I've been on either end of it. More on the being bullied, but I have done some bullying before, not that that's how I thought about it at the time. It's pretty shameful, but I can also see why I did it. Mostly it was to fit in with people (even though they were people I didn't really like - how's that for dumb?)
I have, and MANY others I can imagine, have teased or excluded someone in order to 'fit in'. Like you said, I did this on occasion to be 'in' with people I didn't really care for mainly because of these pressures. As I get older, I like to hope I am reducing some of this inadvertent bullying, especially exclusion, which is often overlooked. I am one of those people that feels extreme guilt about a couple of seemingly minor incidences of bullying, for example, not letting someone sign my year book, claiming, " the blank pages were all full". Certainly I can justify that I didn't really know this girl well, she may have developed a crush on me since I was one of the few people who was nice to her, but...man, it's so petty to risk someone else's feelings over something as minute as a yearbook note.

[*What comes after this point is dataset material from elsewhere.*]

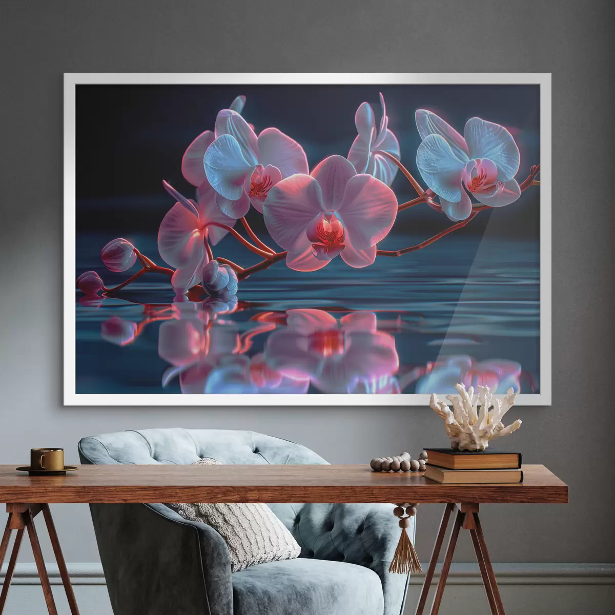 Plakatas Violetinės orchidėjos su atspindžiu ant vandens Ne f39715

And, of course, like anyone, I have also endure many forms of bullying. And, thinking how I felt, in makes me feel even more ashamed for any behaviors I had engaged in. Though, despite the apparent subjectivity, I would guess I have bullied others less than acts of bullying against me. With that said, overtime, any form of exclusion or rude remarks slung at me really doesn't get to me much at all anymore. Moreover, with more confidence and immunity to these sorts of exchanges, the frequency of them are very low as well. I have just tried to be independent and amiable to others, and being positive, successful, and confident during the post-high school years has almost completely taken the target off me.